[Records drawn from a dataset]
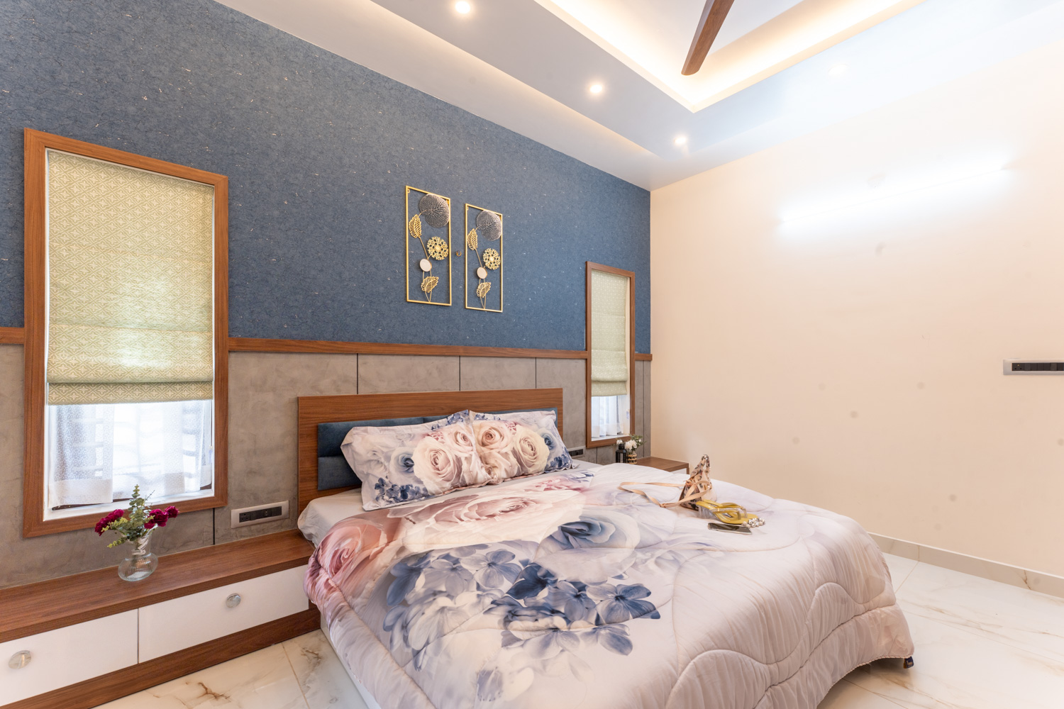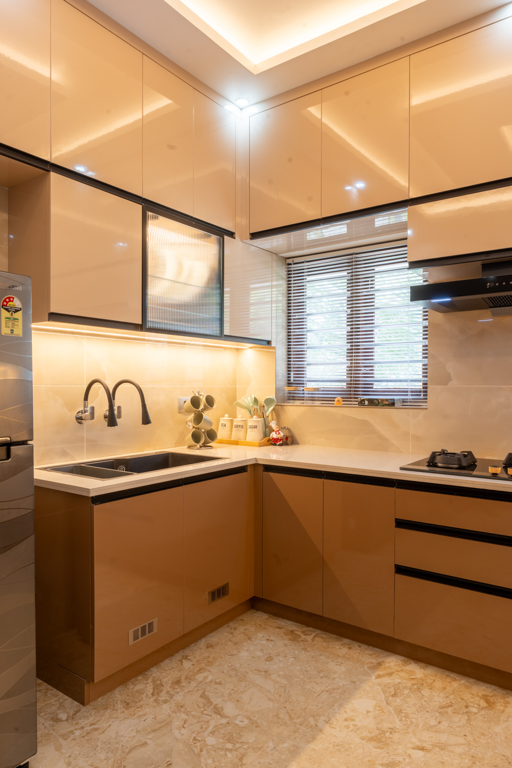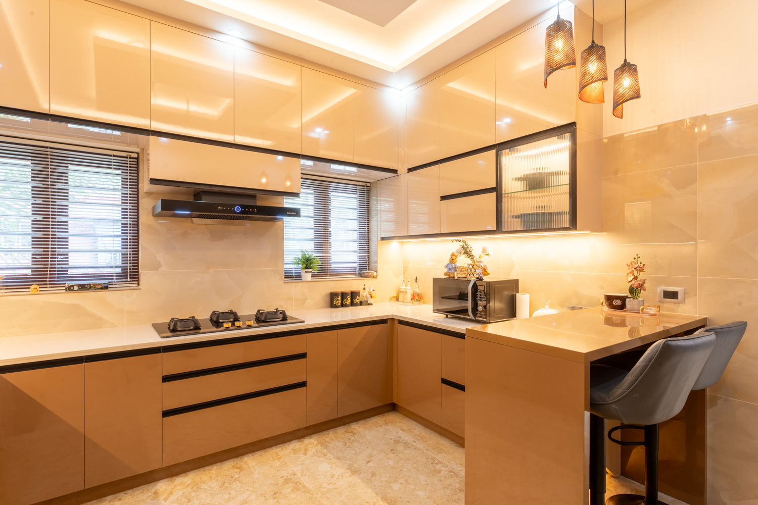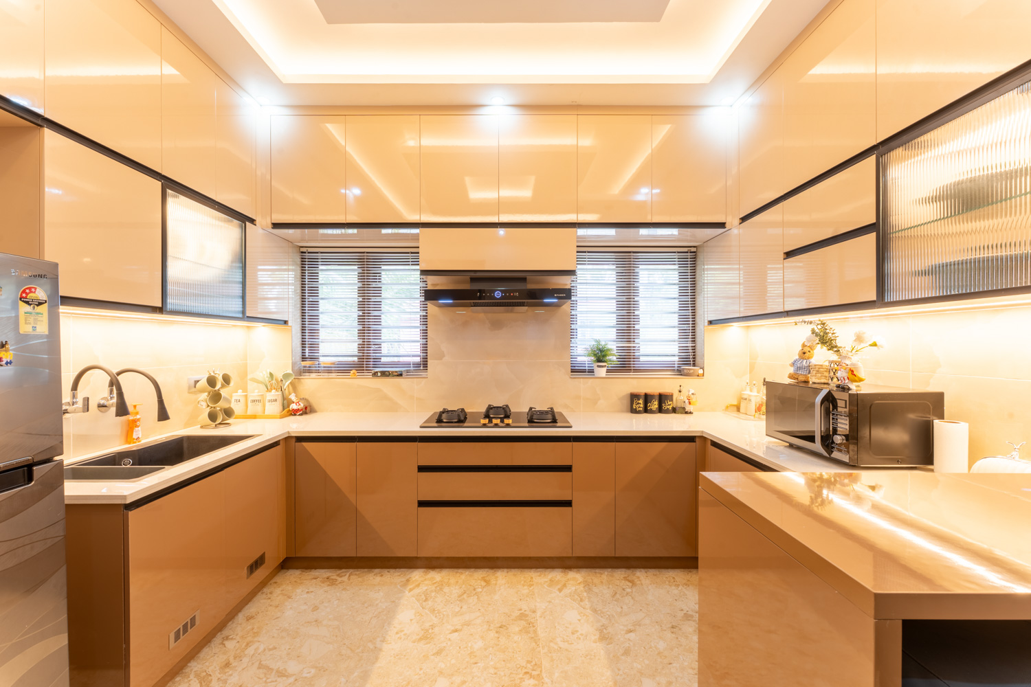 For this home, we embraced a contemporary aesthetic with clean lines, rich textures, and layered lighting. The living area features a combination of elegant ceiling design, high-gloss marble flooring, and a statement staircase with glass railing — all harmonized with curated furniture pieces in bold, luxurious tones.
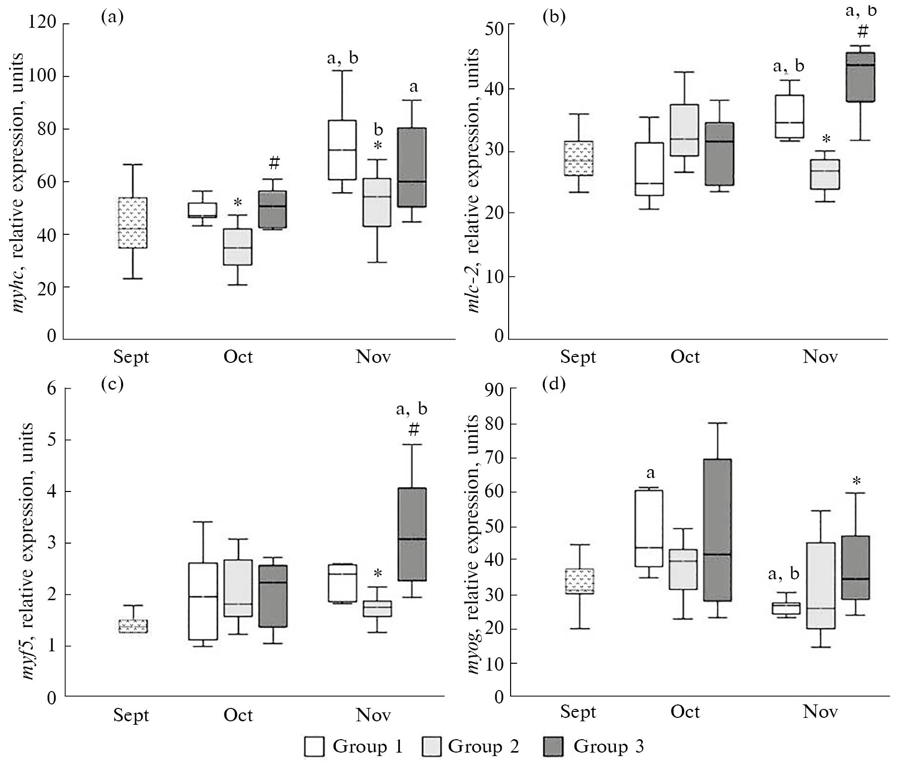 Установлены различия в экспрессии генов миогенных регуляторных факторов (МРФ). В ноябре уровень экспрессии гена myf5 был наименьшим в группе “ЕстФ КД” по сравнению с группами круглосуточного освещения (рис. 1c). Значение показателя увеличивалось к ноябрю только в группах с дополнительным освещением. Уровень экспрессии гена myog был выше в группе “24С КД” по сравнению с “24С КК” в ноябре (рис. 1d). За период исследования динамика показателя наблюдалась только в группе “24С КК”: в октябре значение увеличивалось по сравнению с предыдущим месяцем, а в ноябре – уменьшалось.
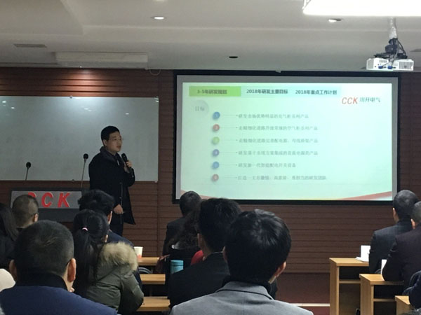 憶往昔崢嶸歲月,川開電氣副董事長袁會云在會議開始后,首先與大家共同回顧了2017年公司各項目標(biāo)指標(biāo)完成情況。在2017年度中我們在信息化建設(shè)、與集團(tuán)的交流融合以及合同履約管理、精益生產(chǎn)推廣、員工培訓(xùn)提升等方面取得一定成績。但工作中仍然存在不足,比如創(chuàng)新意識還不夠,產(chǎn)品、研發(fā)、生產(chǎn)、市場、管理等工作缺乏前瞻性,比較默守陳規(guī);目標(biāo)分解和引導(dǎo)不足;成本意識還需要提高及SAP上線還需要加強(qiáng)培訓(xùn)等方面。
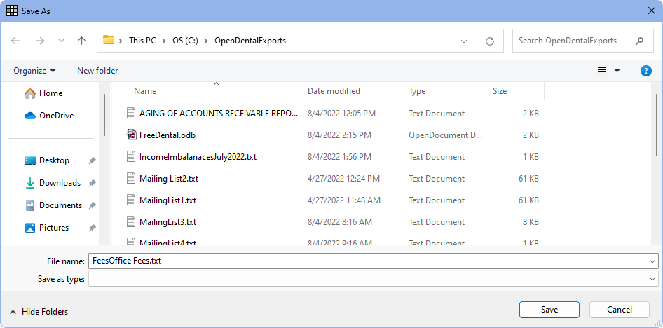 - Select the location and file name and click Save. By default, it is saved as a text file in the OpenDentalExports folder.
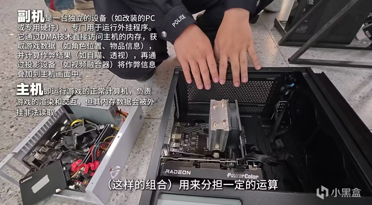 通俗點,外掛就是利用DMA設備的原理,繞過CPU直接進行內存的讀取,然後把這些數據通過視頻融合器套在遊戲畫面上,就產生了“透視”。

Aim of the task »
Set down the lines of the records above exactly, apart from the pictures.

Answer section »
 For this home, we embraced a contemporary aesthetic with clean lines, rich textures, and layered lighting. The living area features a combination of elegant ceiling design, high-gloss marble flooring, and a statement staircase with glass railing — all harmonized with curated furniture pieces in bold, luxurious tones.
 Установлены различия в экспрессии генов миогенных регуляторных факторов (МРФ). В ноябре уровень экспрессии гена myf5 был наименьшим в группе “ЕстФ КД” по сравнению с группами круглосуточного освещения (рис. 1c). Значение показателя увеличивалось к ноябрю только в группах с дополнительным освещением. Уровень экспрессии гена myog был выше в группе “24С КД” по сравнению с “24С КК” в ноябре (рис. 1d). За период исследования динамика показателя наблюдалась только в группе “24С КК”: в октябре значение увеличивалось по сравнению с предыдущим месяцем, а в ноябре – уменьшалось.
 憶往昔崢嶸歲月,川開電氣副董事長袁會云在會議開始后,首先與大家共同回顧了2017年公司各項目標(biāo)指標(biāo)完成情況。在2017年度中我們在信息化建設(shè)、與集團(tuán)的交流融合以及合同履約管理、精益生產(chǎn)推廣、員工培訓(xùn)提升等方面取得一定成績。但工作中仍然存在不足,比如創(chuàng)新意識還不夠,產(chǎn)品、研發(fā)、生產(chǎn)、市場、管理等工作缺乏前瞻性,比較默守陳規(guī);目標(biāo)分解和引導(dǎo)不足;成本意識還需要提高及SAP上線還需要加強(qiáng)培訓(xùn)等方面。
 - Select the location and file name and click Save. By default, it is saved as a text file in the OpenDentalExports folder.
 通俗點,外掛就是利用DMA設備的原理,繞過CPU直接進行內存的讀取,然後把這些數據通過視頻融合器套在遊戲畫面上,就產生了“透視”。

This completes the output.